I have a dog that is often a focus test subject for my lenses ;-) It's very easy to catch them in one spot for several minutes. I have a standard poodle which are known for being active and agile yet I still notice my dog is plenty lazy ;-)

Thank you so much for these pictures. If only my pre-order would ship......


----------



## jeffabbyben (May 6, 2014)

drmikeinpdx said:


> At the risk of being considered rude, my comment is one of suspicion. The author said that he put the two lenses on two different 5D3s and took casual snapshots around his home. So how is it that in each pair of shots, the composition and focus are so identical? And how the heck did he get the dog to stay absolutely perfectly still while he switched cameras?

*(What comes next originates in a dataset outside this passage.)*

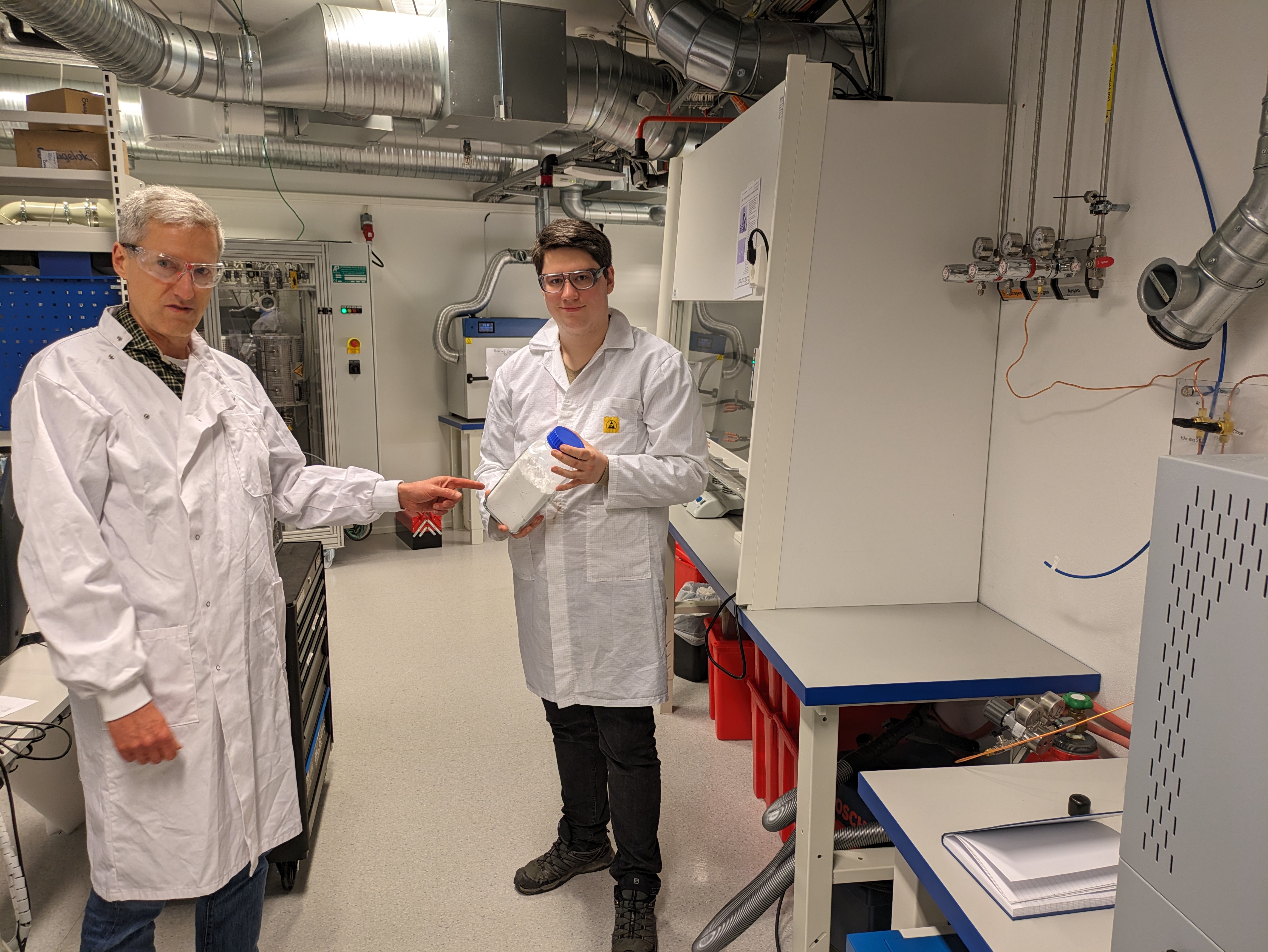 David Gerez, CTO at Photoncycle, and Ole Laugerud, who is a Photoncycle chemist, in Photoncycle’s purpose-built lab, which has been operational for close to two years. Image Credits: Photoncycle

I bet he is a secret agent for sigma hell bent on single handedly destroying canon.


----------



## rocksubculture (May 6, 2014)

drmikeinpdx said:


> At the risk of being considered rude, my comment is one of suspicion. The author said that he put the two lenses on two different 5D3s and took casual snapshots around his home. So how is it that in each pair of shots, the composition and focus are so identical? And how the heck did he get the dog to stay absolutely perfectly still while he switched cameras?



LOL

My dog is camera shy and kind of freezes up and looks away. I just had one camera in each hand and would pay attention to the composition in the corners of each shot and duplicate, as well as kind of brace my shots in the same position. I really just tried to get a variety of shots to see how the lenses might differ. 

Jason


----------



## infared (May 6, 2014)

rocksubculture....thanks for posting the images....no incessant "measurebating, focal...blah..blah..blah.."
In real life (I tended toward the Sigma as I have the 35mm which I love) I can see that both lenses offer there very special signature which with each has its own pluses and minuses. Well done.
I was hell-bent on buying the Sigma Art...but I think I am just going to hold on to my Sigma 50mm DG and enjoy its own rendering for a while longer. I have a friend who is dying to buy the lens from me as he KNOWS the new Sigma is giving me serious G.A.S. ...especially since I just bought the Sigma lens dock....
I think I need to step away from this..go make some pictures and come back to the prospect with a clearer head. 
I actually like all three lenses...what is a poh boy to do!!!!!!! LOL!


----------



## drmikeinpdx (May 6, 2014)

rocksubculture said:


> drmikeinpdx said:
> 
> 
> > At the risk of being considered rude, my comment is one of suspicion. The author said that he put the two lenses on two different 5D3s and took casual snapshots around his home. So how is it that in each pair of shots, the composition and focus are so identical? And how the heck did he get the dog to stay absolutely perfectly still while he switched cameras?
> ...



Well, you did an amazingly good job! And your dog even keeps his tongue in the same position from shot to shot. It just seems kind of odd and not typical of the casual test shots we usually see posted. I always try to be just a bit sceptical when I see stuff posted on the net.


----------



## Quasimodo (May 6, 2014)

rocksubculture said:


> I received the Sigma 50mm f/1.4 ART a few days ago (I pre-ordered on B&H on April 11th at noon; it shipped April 28th)
> 
> I haven't seen too many user photos so thought I would provide some comparisons with my Canon f/1.2 in the event that might be helpful to some looking at this lens.
> 
> ...



Thanks for the comparisons Jason!

To be totally honest, I have a hard time seeing any difference at all (watching this from a crappy laptop screen). If I strain my eyes, I might agree that there might be some slight color renditions. This bodes well for the Sigma, as I love the 50L, but could not afford it. 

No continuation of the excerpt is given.